Referring to Fig. 9, it is the profile of the membrane oxygenator 1 of the embodiment of the application the 5th；As illustrated, this implementation The quantity of the toroidal membrane of mode is two, and two toroidal membranes call middle toroidal membrane 111a and outer ring dividing plate 111b in the following text, in Toroidal membrane 111a diameter is less than outer ring dividing plate 111b diameter, and middle toroidal membrane 111a is propped up by corresponding second time annular Annular brace piece 122b is fixed on blade 102b and second, outer ring dividing plate 111b by lower lid housing 101 lower annular sidewall 1012 and the upper annular sidewall 1212 of shell of top cover body 121 fix, outer ring dividing plate 111b is around oxygen plying membrane structure 115.This reality Middle toroidal membrane 111a and outer ring the dividing plate 111b for applying mode has with 1111 groups of multiple blood ports of annular arrangement respectively Into flow-guiding structure, the set locations of middle toroidal membrane 111a multiple blood ports 1111 is multiple with outer ring dividing plate 111b's The set location of blood port 1111 is relative, and the middle toroidal membrane 111a of present embodiment multiple blood ports 1111 are under Lid 10, outer ring dividing plate 111b multiple blood ports 1111 are close to upper lid 12.The membrane oxygenator 1 of present embodiment increases ring The quantity of shape dividing plate, increase blood in alternating temperature cortina structure 114 and the diffusion length of oxygen plying membrane structure 115, with increase blood with The contact area and diffusion area of multiple alternating temperature cortina structures 114 and oxygen plying membrane structure 115, improve alternating temperature cortina structure 114 And the utilization rate of oxygen plying membrane structure 115.In addition, outer ring dividing plate 111b multiple blood ports 1111 away from go out blood vessel 1121, avoid blood to the multiple blood ports 1111 connect from outer ring dividing plate 111b from flowing directly into out blood vessel 1121, so more Improve the utilization rate of alternating temperature cortina structure 114 and oxygen plying membrane structure 115.The outer ring dividing plate 111b of present embodiment surface It is further provided with the filter for removing blood particle and gas microembolus.

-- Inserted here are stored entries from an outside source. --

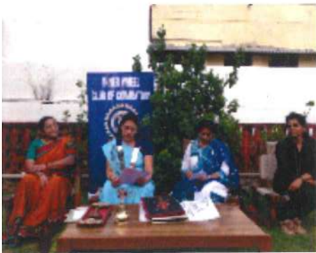
Meeting on progress

Meeting was followed by a healthy dinner based on Organic foods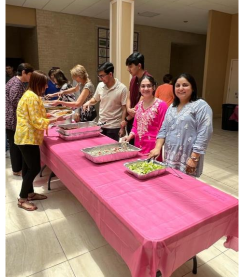
What can we serve you?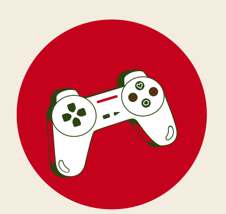
TYPE OF FRIEND GAMER

Figure 10 and Figure 11 is referred to, it is the middle toroidal membrane 111a of the embodiment of the application the 6th schematic diagram and outer shroud Shape dividing plate 111b schematic diagram；As illustrated, the 5th embodiment is held, the middle toroidal membrane 111a and outer ring of present embodiment Dividing plate 111b has equally distributed multiple water conservancy diversion perforation 1113 respectively, because of toroidal membrane 111a and outer shroud in present embodiment Shape dividing plate 111b has multiple water conservancy diversion perforation 1113, therefore toroidal membrane 111a and outer ring dividing plate 111b in can omitting respectively Multiple blood ports setting.The aperture of middle toroidal membrane 111a multiple water conservancy diversion perforation 1113 is more than the annular of core shaft structure Deflector multiple water conservancy diversion perforation aperture, outer ring dividing plate 111b multiple water conservancy diversion perforation 1113 aperture be less than it is middle annular every The aperture of plate 111a multiple water conservancy diversion perforation 1113, middle toroidal membrane 111a and outer ring dividing plate 111b multiple water conservancy diversion perforation 1113 and ring diversion plate multiple water conservancy diversion perforation aperture be more than 3mm.Certainly outer ring dividing plate 111b setting can be also omitted, Or outer ring dividing plate 111b is identical with the outer ring dividing plate of the 5th embodiment, is repeated no more in this.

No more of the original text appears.